== ABOUT THIS EXERCISE ==
Nothing but the lines from the start of the data through the line with "今年は初年度以来となる14頭" should appear in the answer, each retyped exactly, and pictures should not.

Records from a collection
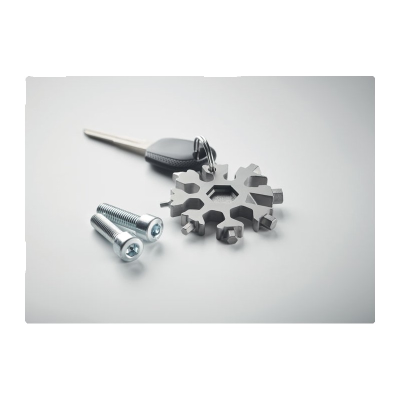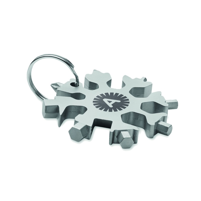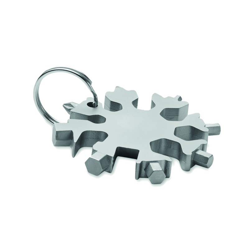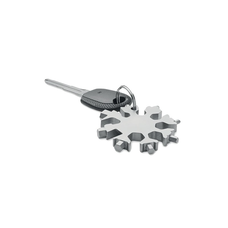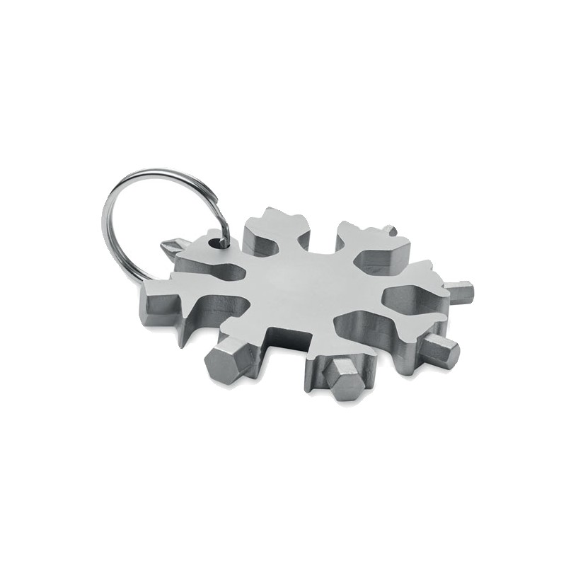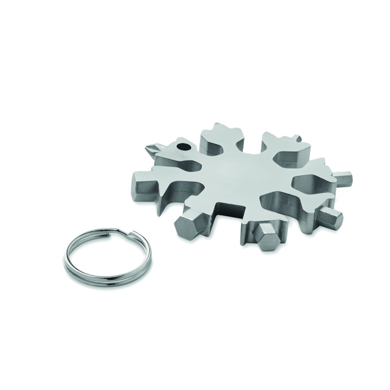 Outil Multifonctions 17-en-1 en acier inoxydable en forme de flocon de neige. Anneau métallique en option inclus.
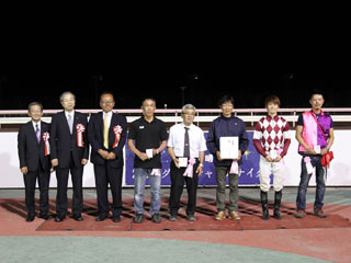 今年は初年度以来となる14頭が揃ってフルゲートでの発走となったが、一冠目の「栄冠賞」に出走していたのはオヤコダカ(3着)ただ1頭。夏の間、JRA函館、札幌へ遠征して芝レースで経験を積んだ期待馬を含め、さまざまな路線を歩んできた馬たちによる顔あわせとあって、ファンの興味を大きく惹き付ける一戦となった。
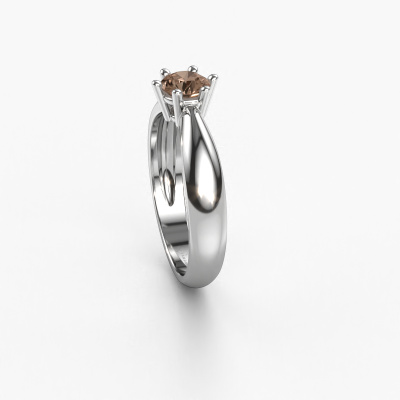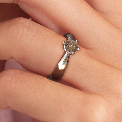 The ring shown above is called the Fay, we call this a solitaire ring because it contains a single gemstone. The engagement ring is made in 14 Carat white gold and has a round brown diamond of 0.50 crt. This traditional white gold solitaire ring with exquisite round brown diamond is a beautiful engagement ring. The open prong setting allows light to strike the gemstone from various angles. The ring also stands out because of the high positioning of the gemstone. Because diamonds symbolize true love and purity, they make the perfect gift for the love of your life. The symbol of eternal love is the centerpiece of this solitaire ring. Like a diamond, all other types of precious metal have their own attributed symbolic meaning. You can compile the solitaire engagement ring yourself in various precious metal combinations. This one has the combination of 14 Carat white gold with white gold. Each piece of jewelry is made just for you by our master goldsmiths in our own studio.By using a combination of the latest modern techniques, combined with ancient crafting, we can make all our engagement rings in our own studio. Each jewel is made to order. This is advantageous because we can offer you a price you won't find anywhere else.Have you found a specific engagement ring somewhere which you would like to give to your loved one? Please feel free to express your wishes to our jewel designers because we would be honoured to turn your design into a traditional engagement ring. You can follow the development of your ring design because we use 3D drawings. This gives you a realistic preview of how your design will look. You can also preorder a dummy. A dummy is a plastic ring, which can be shaped according your ring design. You can try it on and check if its width and size are suitable for you. We will gladly send you a non-binding offer, based on a fair price/ quality ratio. It will amaze you, considering the quality of the ring and gemstones.To make it easier for you, we offer a 30 day return policy. Check our terms and conditions.
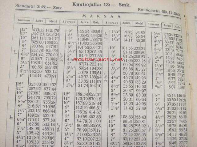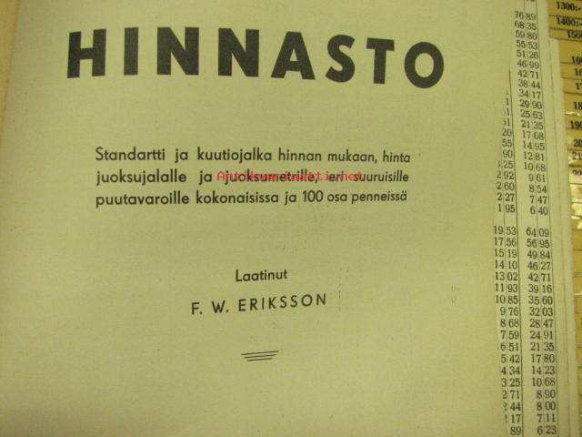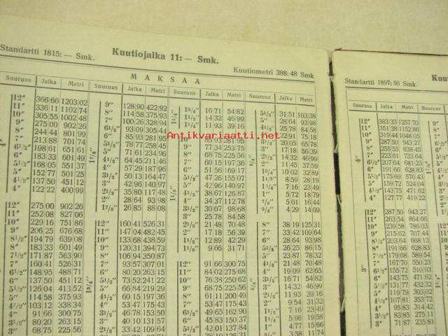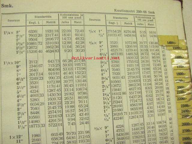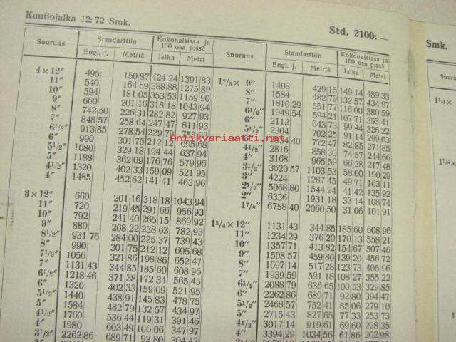 Sahatun puutavaran hinnasto standartti ja kuutiojalan hinnan mukaan...
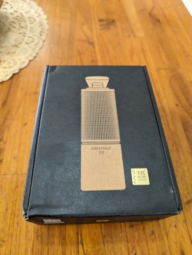 Оригинальная кофемолка. Мелет так же как С2, но шаг мельче, можно более точно подобрать помол. Пока эксперементирую. Хранить в шкафу собранную удобнее, чем С2. Удобно ориентироваться по цифрам уровня помола. Резиновое дно, позволяет не брякать, когда ставишь молку на полку. Мешочек такой же, как и у С2.

== ANSWER AREA ==
 Outil Multifonctions 17-en-1 en acier inoxydable en forme de flocon de neige. Anneau métallique en option inclus.
 今年は初年度以来となる14頭が揃ってフルゲートでの発走となったが、一冠目の「栄冠賞」に出走していたのはオヤコダカ(3着)ただ1頭。夏の間、JRA函館、札幌へ遠征して芝レースで経験を積んだ期待馬を含め、さまざまな路線を歩んできた馬たちによる顔あわせとあって、ファンの興味を大きく惹き付ける一戦となった。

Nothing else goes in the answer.